When you see a lock like this:
lock owner_only(asset: protected NFT, claimed_owner: witness Address) -> bool {
require asset.owner == claimed_owner
}
read it carefully:
-
assetis the protected input Cell view; -
claimed_owneris decoded witness data; -
requirefails the script if the comparison is false; - the comparison does not prove that
claimed_ownersigned the transaction.
Real signature authorization still needs explicit script-args binding, sighash verification, and its own positive and negative CKB transaction matrix.
The CKB profile is strict, and the bundled suite has a defined production boundary:
- bundled examples strict-admit under the CKB profile;
- bundled business actions have scoped CKB production harnesses;
- bundled locks have builder-backed valid-spend and invalid-spend matrices;
- valid CKB transactions are builder-generated and dry-run;
- malformed transactions are rejected for non-policy/non-capacity reasons;
- transaction size, cycles, and occupied-capacity evidence are retained;
- bundled examples are deployed in the CKB production acceptance report;
- the final production hardening gate must pass.
This does not mean arbitrary new contracts are automatically production-ready.
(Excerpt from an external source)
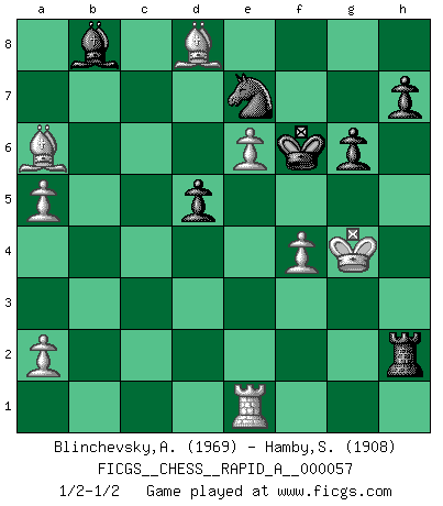 Last move : 1/2-1/2 2009 April 20 23:28:34 [Event "FICGS__CHESS__RAPID_A__000057"] [Site "FICGS"] [Date "2009.01.03"] [Round "1"] [White "Blinchevsky,Alexander"] [Black "Hamby,Stephen"] [Result "1/2-1/2"] [WhiteElo "1969"] [BlackElo "1908"] 1.d4 f5 2.g3 g6 3.h4 Nf6 4.h5 Bg7 5.h6 Bf8 6.Bg2 e6 7.c4 Be7 8.Nc3 O-O 9.Nf3 c6 10.d5 d6 11.Nd4 cxd5 12.cxd5 e5 13.Ne6 Bxe6 14.dxe6 e4 15.Be3 Nc6 16.O-O d5 17.Qb3 Na5 18.Qd1 Rc8 19.Rc1 Rc6 20.Nb5 Nc4 21.Bd4 a6 22.Nc3 Re8 23.b3 Nb6 24.Na4 Nxa4 25.bxa4 Ng4 26.Rxc6 bxc6 27.f3 exf3 28.exf3 Nxh6 29.Qc1 f4 30.Qxc6 Nf5 31.Bb6 Qc8 32.Qxc8 Rxc8 33.gxf4 Kg7 34.Rb1 Rc4 35.a5 Bc5+ 36.Kh2 Rc2 37.Kh3 Bd6 38.Bd8 Be7 39.Bb6 Kf6 40.Bf1 Bd6 41.Re1 Bxf4 42.Bd8+ Ne7 43.Bxa6 Rh2+ 44.Kg4 Bb8 45.f4 1/2-1/2 Dutch defense Kingside Castling by player Black (move 8) Kingside Castling by player White (move 16) This chess game ended in a draw. Follow this game move after move (download)All I want to do, ever, is just play Chess. (Bobby Fischer) Wenn Dein Gegner dir ein Remis anbietet, versuch herauszufinden, weshalb er glaubt schlechter zu stehen. (Nigel Short) El Ajedrez es un regaderazo frío para la mente. (Sir John Simon) Il vaut mieux sacrifier les pièces de l'adversaire. (Xavier Tartacover) Always remember that you are unique; just like everyone else. (Unknown)

Use the examples as patterns, then run your own constraints review, entry ABI review, builder evidence, security review, and chain acceptance evidence.
Before treating an example-derived contract as deployable, run the compiler-side checks:
cellc fmt --check
cellc check --target-profile ckb --production
cellc build --target riscv64-elf --target-profile ckb --production
cellc verify-artifact build/main.elf --verify-sources --expect-target-profile ckb --production
cellc examples/nft.cell --entry-action transfer --target riscv64-elf --target-profile ckb --production
# --entry-action selects a single action entry point for targeted inspectionFor release-facing CKB evidence, run the CellScript acceptance gate:
./scripts/ckb_cellscript_acceptance.sh --production
python3 scripts/validate_ckb_cellscript_production_evidence.py \
target/ckb-cellscript-acceptance/<run>/ckb-cellscript-acceptance-report.jsonDo not use compile-only or bounded diagnostic runs as production release evidence. They are helpful during development, but they do not replace the chain acceptance boundary.